Here’s an email I sent recently to Brad Rieger, the Superintendent of Sylvania Schools (and an all around pleasant and very smart fellow.) I thought it was worth sharing:

Hello Brad,

I’ve been giving some thought to the Newtown tragedy, and to the debate about whether to allow arming of teachers or posting of armed security guards in schools. In my opinion as a parent and CCW permit holder, there may be safer and more cost-effective means of defending a school against an armed assailant than firearms. I thought I’d run this suggestion by you to get a professional educator’s opinion, and in the hopes you’d spread this idea among your colleagues to solicit their opinions as well.

In particular, I’m thinking of devices such as the Torch, the Inferno (also see Wired’s article), the Dazzler (or an open-source variant), “less lethal” weapons or paintball markers, and others.

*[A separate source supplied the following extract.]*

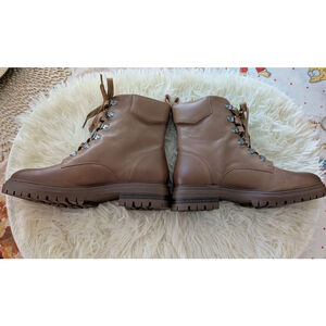 NWOT Women's J.Jill Dakota Luxer Hiker Dark Camel Lace-Up Ankle Boots, Size 8 M

These devices can be quite inexpensive — For example, the Torch is $199 and puts out 4400 lumens. (350 lumens is enough to blind an attacker for a second or two after exposure, even in broad daylight.) They also have other notable advantages, in particular, they are easier to aim for effect than a firearm, they require little (if any) specialized training, and they pose little or no threat of permanent injury or death to the students. If devices like these were placed in strategic locations throughout a school, the entire staff and/or student body could actively participate in their own defense against an armed intruder.

Please let me know what you think about this general idea when you get the chance. I’ll be looking forward to hearing from you.


Update: The WP put up an article a few days back on Pennsylvania schools hiring armed security guards.

Update: The Toledo Blade put up a similar article about the schools in Montpelier, Ohio arming their janitors.